[Source data]
---

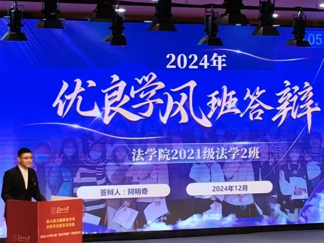 截至目前,班级成员2023-2024学年平均学分绩点为8.50,大学英语四级通过率96.67%,六级通过率43.33%,班级推免率25%,法律职业资格证通过率16.67%。在班风建设的画卷上,同学们团结一心,着力丰富“第二课堂”,积极参与校、院两级活动,累计荣获校级及以上奖励44项、发表学术论文2篇。2021级法学2班始终秉持着“以学促优,奋楫争先”的集体目标,在各个领域发挥才华与优势,不断追求卓越。
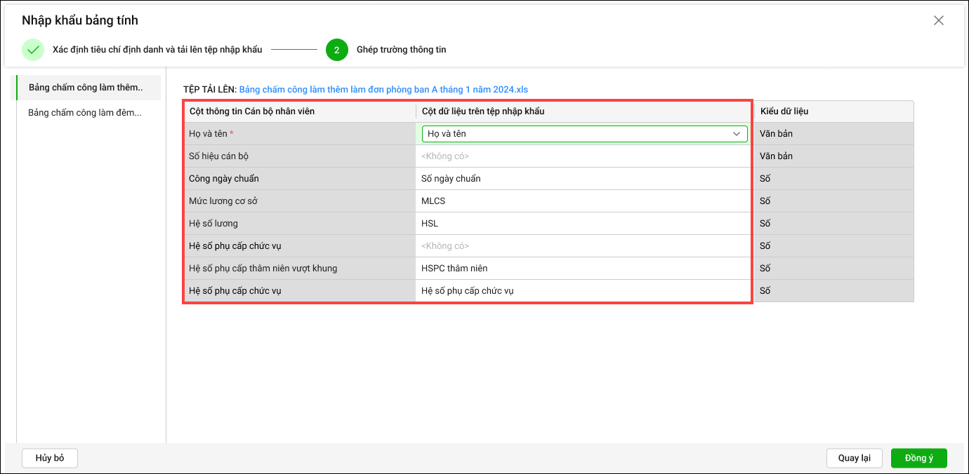 - Ghép cột dữ liệu: Đối chiếu các cột trong file Excel với các trường thông tin trên phần mềm. Nếu có cột không cần nhập, anh/chị có thể để trống, rồi nhấn Tiếp tục.
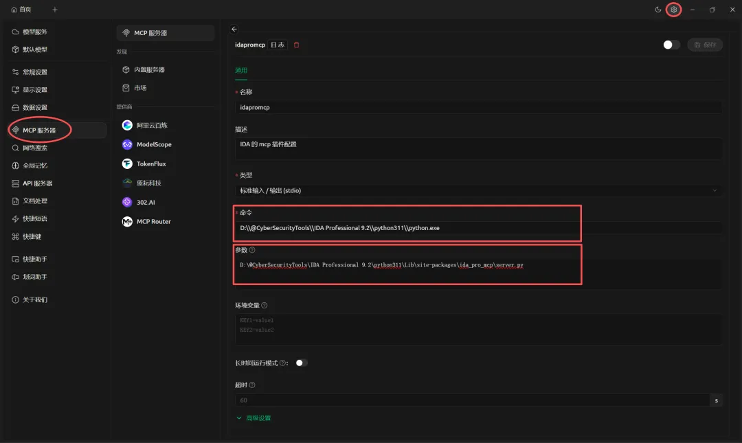 (***这个步骤连接了 cherry stdio 与 IDA的 MCP插件,以 IDA 路径下的 python 加载 MCP ,使得 cherry stdio 能够接受 MCP 传输给 cherry stdio 的 IDA上下文信息***)
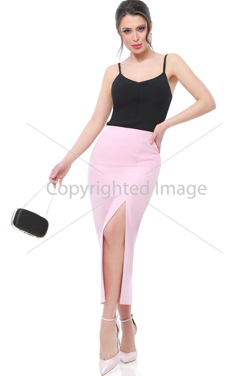 A spectacular midi skirt with a slit is a stylish and seductive model that will not leave anyone indifferent. The high-waisted pencil style gently fits the hips and visually stretches the silhouette. The main accent of the skirt is a bold cut from the hip, which not only adds piquancy to the image, but also turns the product into a hit of the season. Against the background of the classic style of midi length, a bold detail does not look too frank. This allows women of any complexion and any age to choose the right model and feel irresistible and desirable in it. In order for the midi skirt to please you with its beauty and quality for as long as possible, it is recommended to wash it carefully at a temperature of no more than 30 degrees.
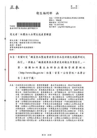 有關訂定「酸菜食品製造業者符合食品良好衛生規範準則之指引」,並廢止「醃漬蔬果食品業者良好衛生作業指引」一案,請轉知所屬至本部食品藥物管理署網站(http://www.fda.gov.tw;位置:首頁>公告資訊>本署公告)自行下載。
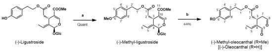 Synthesis of (−)-methyl-oleocanthal from (−)-ligustroside. Reagents and conditions: (a) CH2N2/Et2O; (b) H2O-DMSO, MW, 180 °C, 9 min.
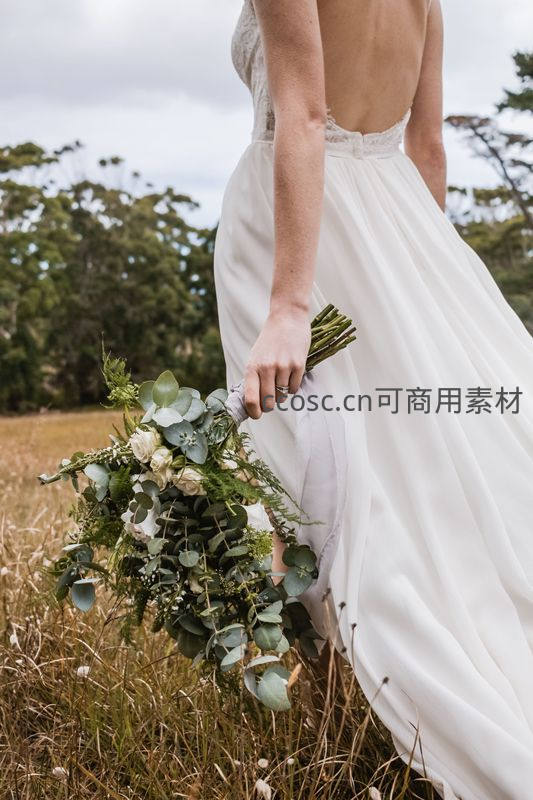 新娘背对镜头,身着露背白色长裙,手提一束以尤加利叶和白色玫瑰为主的野趣花束,置身于金黄草地与绿树环绕的自然风光中。

---

_Assignment_
Output the records exactly, pictures excluded.

_Task response_
 截至目前,班级成员2023-2024学年平均学分绩点为8.50,大学英语四级通过率96.67%,六级通过率43.33%,班级推免率25%,法律职业资格证通过率16.67%。在班风建设的画卷上,同学们团结一心,着力丰富“第二课堂”,积极参与校、院两级活动,累计荣获校级及以上奖励44项、发表学术论文2篇。2021级法学2班始终秉持着“以学促优,奋楫争先”的集体目标,在各个领域发挥才华与优势,不断追求卓越。
 - Ghép cột dữ liệu: Đối chiếu các cột trong file Excel với các trường thông tin trên phần mềm. Nếu có cột không cần nhập, anh/chị có thể để trống, rồi nhấn Tiếp tục.
 (***这个步骤连接了 cherry stdio 与 IDA的 MCP插件,以 IDA 路径下的 python 加载 MCP ,使得 cherry stdio 能够接受 MCP 传输给 cherry stdio 的 IDA上下文信息***)
 A spectacular midi skirt with a slit is a stylish and seductive model that will not leave anyone indifferent. The high-waisted pencil style gently fits the hips and visually stretches the silhouette. The main accent of the skirt is a bold cut from the hip, which not only adds piquancy to the image, but also turns the product into a hit of the season. Against the background of the classic style of midi length, a bold detail does not look too frank. This allows women of any complexion and any age to choose the right model and feel irresistible and desirable in it. In order for the midi skirt to please you with its beauty and quality for as long as possible, it is recommended to wash it carefully at a temperature of no more than 30 degrees.
 有關訂定「酸菜食品製造業者符合食品良好衛生規範準則之指引」,並廢止「醃漬蔬果食品業者良好衛生作業指引」一案,請轉知所屬至本部食品藥物管理署網站(http://www.fda.gov.tw;位置:首頁>公告資訊>本署公告)自行下載。
 Synthesis of (−)-methyl-oleocanthal from (−)-ligustroside. Reagents and conditions: (a) CH2N2/Et2O; (b) H2O-DMSO, MW, 180 °C, 9 min.
 新娘背对镜头,身着露背白色长裙,手提一束以尤加利叶和白色玫瑰为主的野趣花束,置身于金黄草地与绿树环绕的自然风光中。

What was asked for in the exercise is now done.